Tuesday, January 27, 2009

Afstan: The Gates' mandate

So Western-style freedom may not ring after all:
Defense Secretary Robert Gates set forth modest goals for Afghanistan on Tuesday [Jan. 27], saying that success should be defined as an Afghanistan that is not a safe haven for Al Qaeda, whose people reject the rule of Taliban insurgents and support a legitimate government.

In his first congressional testimony as defense secretary under President Barack Obama, Gates cautioned that success in Afghanistan also requires security progress in neighboring Pakistan, given the porous and violent frontier between the two nations.

Gates was pressed for details on a recent strike across the border in Pakistan in which a remotely piloted vehicle attacked a suspected insurgent target.

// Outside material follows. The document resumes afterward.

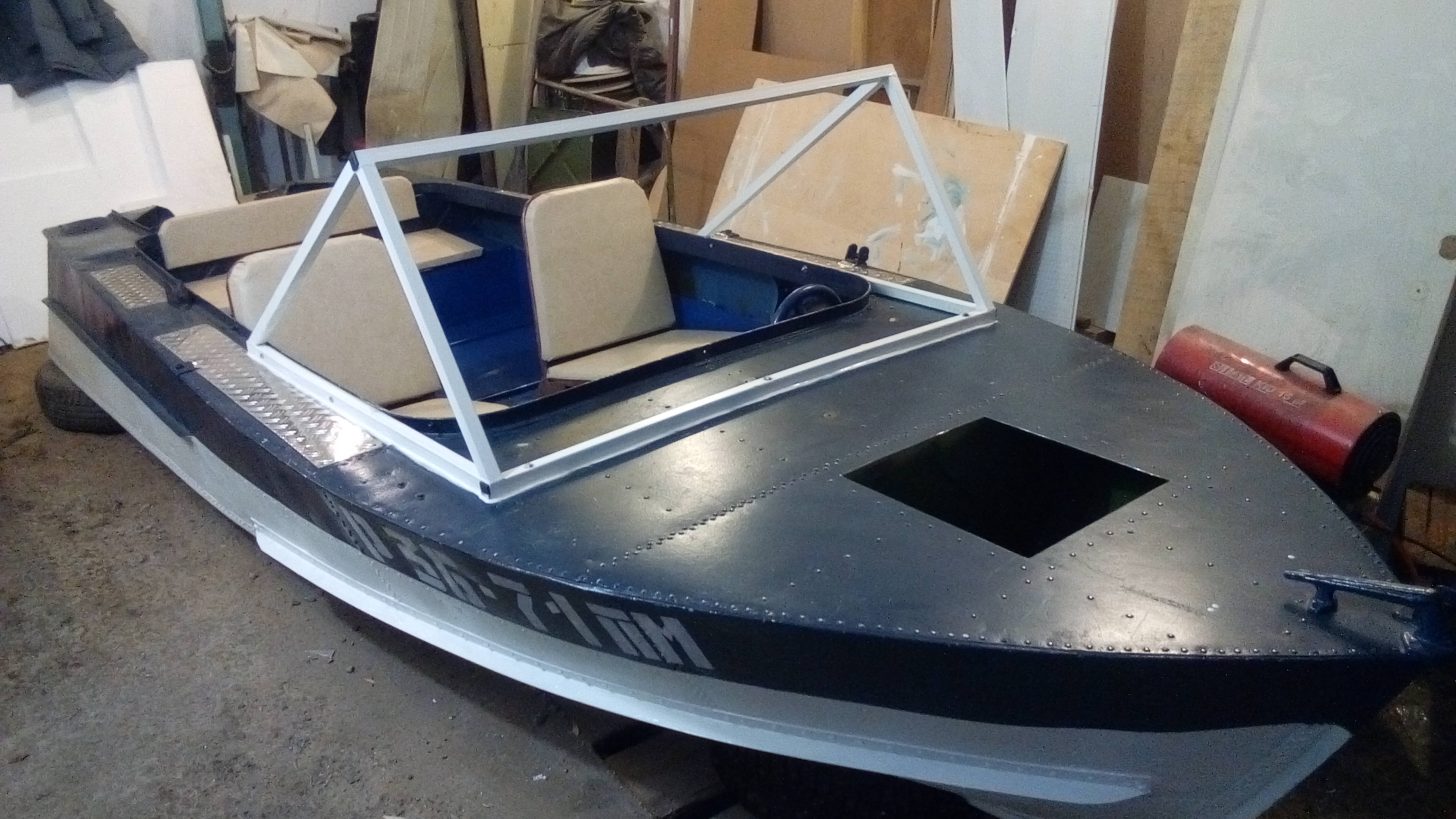 Приветствую всех ! С масленицей вас , братья по разуму ! Ну , уж с днём св. Валентина не поздравляю на то есть жёны и подруги , да и не наше это ... наносное ... ______________ Продолжаю рассказывать про свою МКМку . Закончил я с брызгоотбойниками и приступил к лобовухе . Прикинули , отрезали , сварили , покрасили . Только потом заметил , что с таким вылетом боковин нарисовалась проблемка с вёслами , но уж больно мне хотелось боковины подальше вынести , чтоб брызг меньше залетало , решили чуток сдвинуть уключины . Был на базе пластика и резины , присматривал поликарбонат , примерно в три т.р. встанет , по размеру вырежут . Прокрасил все деревяшки в лодке на два ( местами на три ) раза . Есть у меня пара сидушек прогрессовских , старую обшивку с них сдёрну и обтяну , как задний диванчик , ну и приборную панельку нормальную хочу сделать , а то первая уж больно не симпатичная вышла ...

The defense secretary said Obama, like President George W. Bush before him, was committed to going after Al Qaeda targets "wherever Al Qaeda is."

He said that the Obama administration's decision to continue a policy of pursuing Al Qaeda had been communicated to the government of Pakistan.

In recent public comments, including this testimony, Gates has sought to lower expectations for the mission in Afghanistan, setting standards far below the sweeping desires of regional democratization that were a foundation of Bush administration national security policy [emphasis added].

"There is little doubt that our greatest military challenge right now is Afghanistan," Gates told the Senate Armed Services Committee. "President Obama has made it clear that the Afghanistan theater should be our top overseas military priority."

Gates repeated the new administration's pledge to substantially increase the American troop levels there – a near doubling to more than 60,000 U.S. troops is expected – but he said the coordination with allies, development agencies and aid groups needed improvement.

"Coordination of these international efforts has been difficult, to say the least," Gates stated.

"While this will undoubtedly be a long and difficult fight, we can attain what I believe should be among our strategic objectives: above all an Afghan people who do not provide a safe haven for Al Qaeda, reject the rule of the Taliban and support the legitimate government that they have elected and in which they have a stake," Gates added...

...He added that the strategy now should be to define "more concrete goals that can be achieved realistically within three to five years in terms of re-establishing control in certain areas [emphasis added], providing security for the population, going after Al Qaeda, preventing the reestablishment of terrorism, better performance in terms of delivery of services to the people, some very concrete things."..
I wonder if any of our media will ask our government for their reaction to this less than uplifting, sadly realistic I suspect, assessment.